_Problem_
Please set down the lines of the listing exactly, from its first line to the line with "J^^ayO åbo ////", leaving the pictures out.

_Given records_
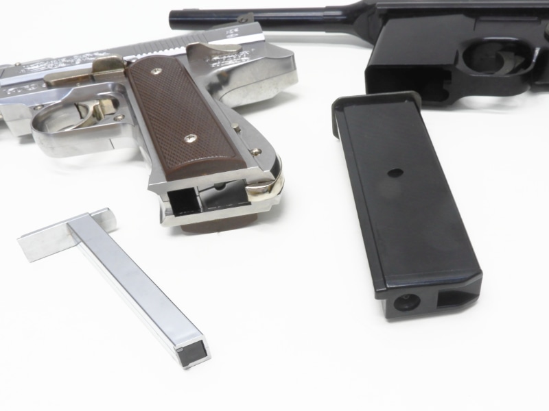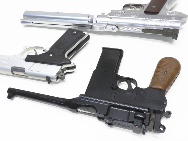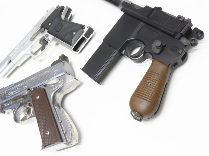 ハンドガンの場合は全体を金属性とする組み換え、エアソフトガンの場合は射出エネルギー0.98J以上にする改造を行うと銃刀法違反となります。HFC134a仕様のガスガンにCO2用マガジンを組み込む、スライドを金属製の物に差し替える等、簡易な改造でも罪に問われる可能性がございますので、絶対にお止めください。
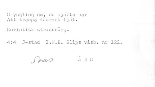 //// O yngling om» du hjärta har Att trampa fädrens fjät. //// Korintisk stridssång. //// 4:4 J-stad I • N. E • Slips visb. nr 122• //// - //// i //// J^^ayO åbo ////
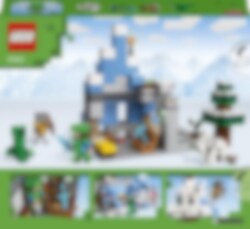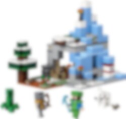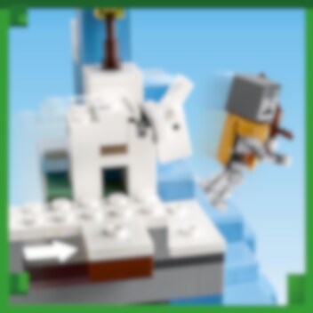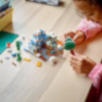 LEGO® Minecraft® De IJsbergtoppen (21243) zit boordevol kenmerken en functies om spelers vanaf 8 jaar bergen Minecraft plezier en actie te bieden. Volop mogelijkheden om te bouwen, strijden, verkennen en op te blazen! Minecraft spelers zullen de IJsbergtoppen en het Taiga bos direct herkennen en dolgraag hun Minecraft vaardigheden willen gebruiken om steenkool, ijzer en smaragderts te delven dat onder het ijs ligt. Kinderen moeten echter eerst een veilig onderkomen bouwen en eten verzamelen. Als een Creeper en een Verdwaalde te dichtbij komen, kunnen ze ontsnappen via de gevaarlijke druipsteengrot, TNT gebruiken om de berg op te blazen of de geit gebruiken om de vijandige mobs van de klif te gooien! Verschillende leuke functies en een scala aan authentieke accessoires zorgen ervoor dat de Minecraft avonturen nooit eindigen. Voor extra digitaal plezier heeft de LEGO Builder app intuïtieve zoom- en draaifuncties waarmee kinderen hun model kunnen visualiseren terwijl ze het bouwen.
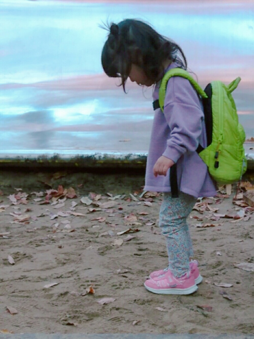 公園ルック。 バースデイで買ったくすみパープルの スウェットがお気に入り。
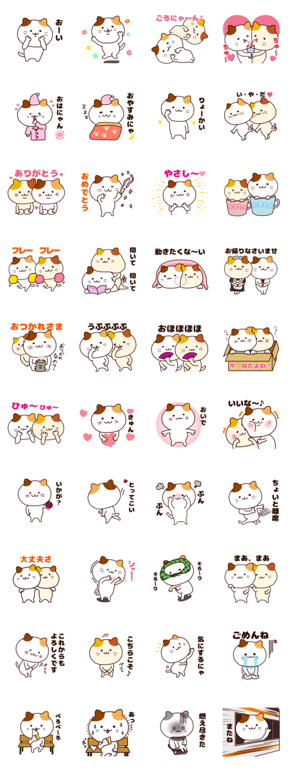 友達や家族との日常会話に適したかわいい三毛猫のやりとりです。寄り添ったかわいいねこちゃんが恋人や夫婦のカップルにもおすすめです。
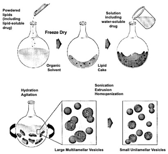 Liposomes are primarily composed of phospholipids, with additional materials added for stability, targeting, and detection. Cholesterol is often included to modify the membrane permeability. There are several ways to prepare liposomes, such as lipid film hydration, sonication, freeze-drying, solvent injection, and detergent dialysis. There are advantages and disadvantages to each preparation method. The liposomes synthesized by these different methods will be either multilamellar (sonication, freeze-drying, solvent injection, detergent dialysis) or unilamellar (lipid film hydration with extrusion). The different methods involve some common steps, such as the formation of a lipid film and the hydration of the lipid film [12]. One standard method for preparing reproducible liposomes that will render unilamellar liposomes of the same size involves the hydration of a thin lipid film followed by extrusion. The lipid film is made by evaporating the chloroform from the solution of lipids dissolved in chloroform, as illustrated in Figure 3 [12]. If the contrast agent or drug is hydrophilic, it is added during the hydration step. For hydrophobic agents or drugs, they are incorporated into the lipid solution in chloroform before forming the thin lipid film.
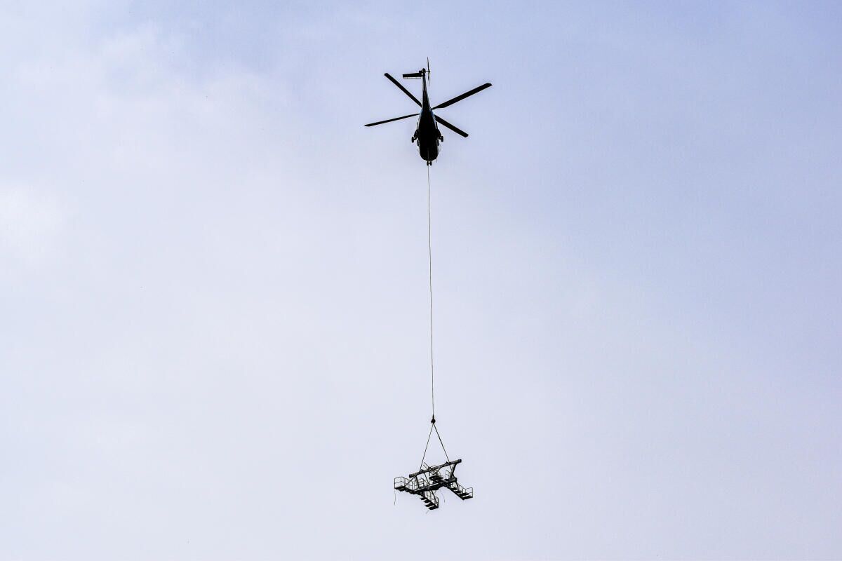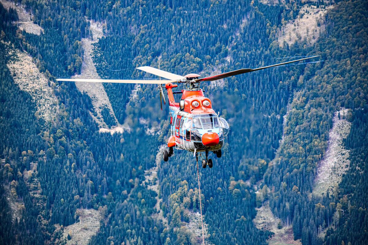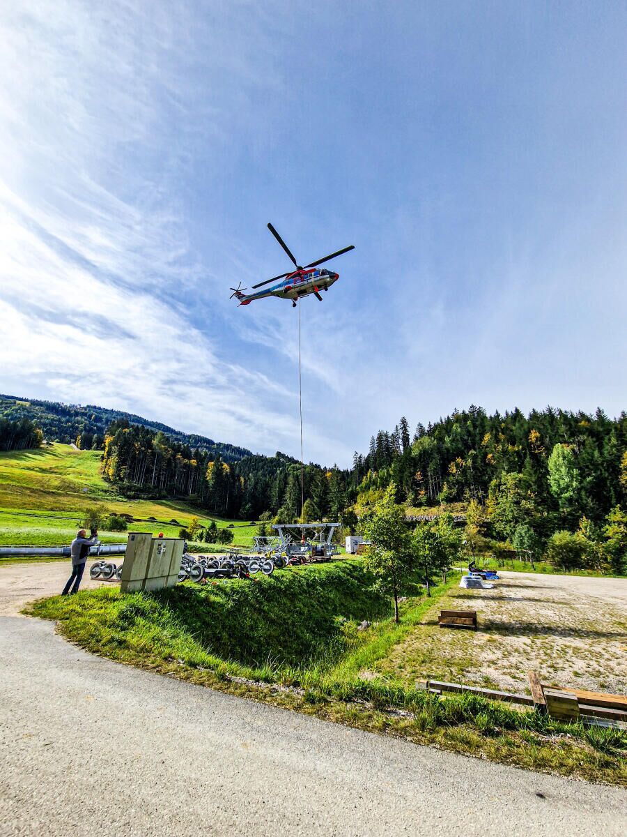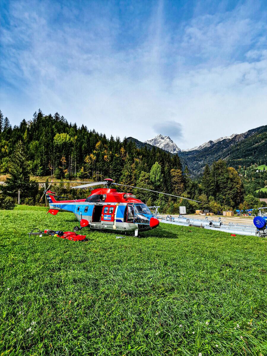 Der Größte Transporthubschrauber der Firma Heli Austria, die sogenannte „SuperPuma“ mit einer Hubkraft von circa 4.000 kg kümmerte sich um die Stützenschäfte, die „Belle 212“ um die etwas leichteren Rollenbatterien und Stützenjochs.
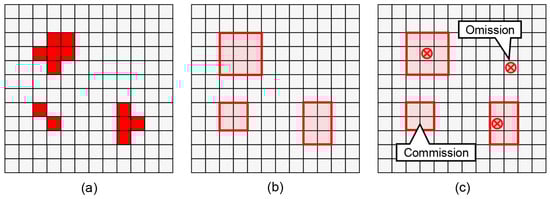 Schematics showing (a) the wilted pine tree pixels masked by the threshold , (b) the candidate bounding boxes (s) converted from the pixel-based result, and (c) the omission and commission errors defined based on the locations of wilted pine trees and s.
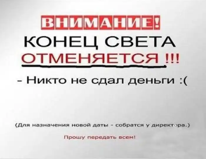 Большая порция приколов по поводу конца света. Даже если Вы и верите в приход апокалипсиса, я не советую Вам делать необдуманные глупости, о которых потом обязательно придется пожалеть ;)Не без баянов :)
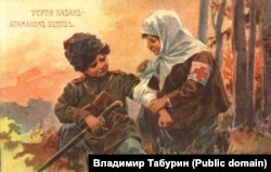– Серия "Пословицы в лицах", нарисованная для фирмы "Зингер", на выставке не представлена. Однако открытки из этой серии хранятся в фондах Музейного комплекса им. И. Я. Словцова. Они появились у нас еще до "Детского МИРа", – уточняет Лев Боярский. – На выставке представлены военные открытки Владимира Табурина 1914–1916 годов: "Ни с небом, ни с ветром не дружись...", "В тесноте, да не в обиде", а также уже упомянутая серия "Дети-политики" 1917 года.
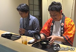内田さんが手掛けた越前漆器を使っている料亭があるとのことで、一緒にお伺いすることに。
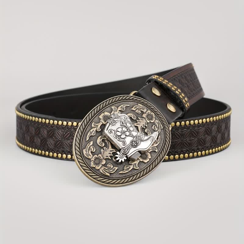 Men's Retro Silver Boots Oval Buckle Leather Belt
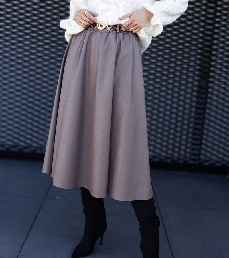 ( produktų kiekis: 5 )Tamsiai smėlio spalvos ilgas sijonas, puoštas diržu su gyvūnų motyvu Hanie
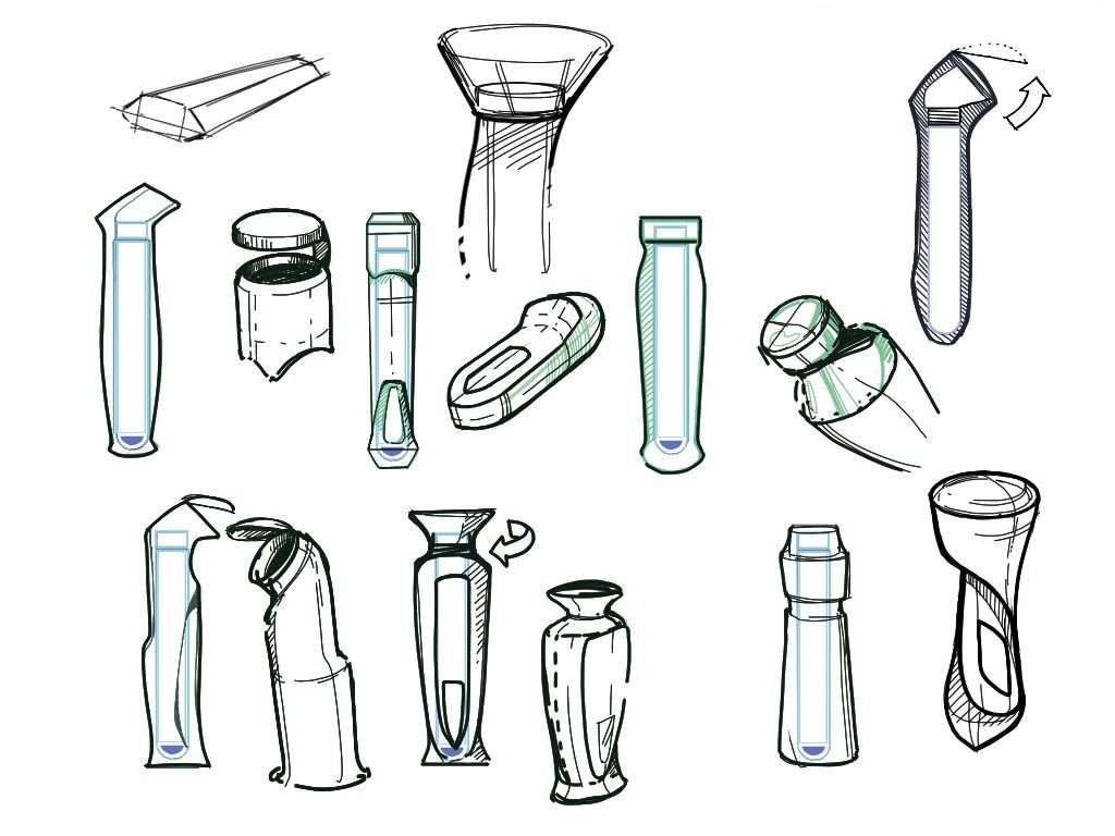 Было проведено дизайн-исследование процесса использования контейнера, определены оптимальные размеры ёмкости и принцип её открывания и закручивания после использования. Процесс не самый приятный, поэтому всё должно быть элегантно и без слюней.

_Answer section_
 ハンドガンの場合は全体を金属性とする組み換え、エアソフトガンの場合は射出エネルギー0.98J以上にする改造を行うと銃刀法違反となります。HFC134a仕様のガスガンにCO2用マガジンを組み込む、スライドを金属製の物に差し替える等、簡易な改造でも罪に問われる可能性がございますので、絶対にお止めください。
 //// O yngling om» du hjärta har Att trampa fädrens fjät. //// Korintisk stridssång. //// 4:4 J-stad I • N. E • Slips visb. nr 122• //// - //// i //// J^^ayO åbo ////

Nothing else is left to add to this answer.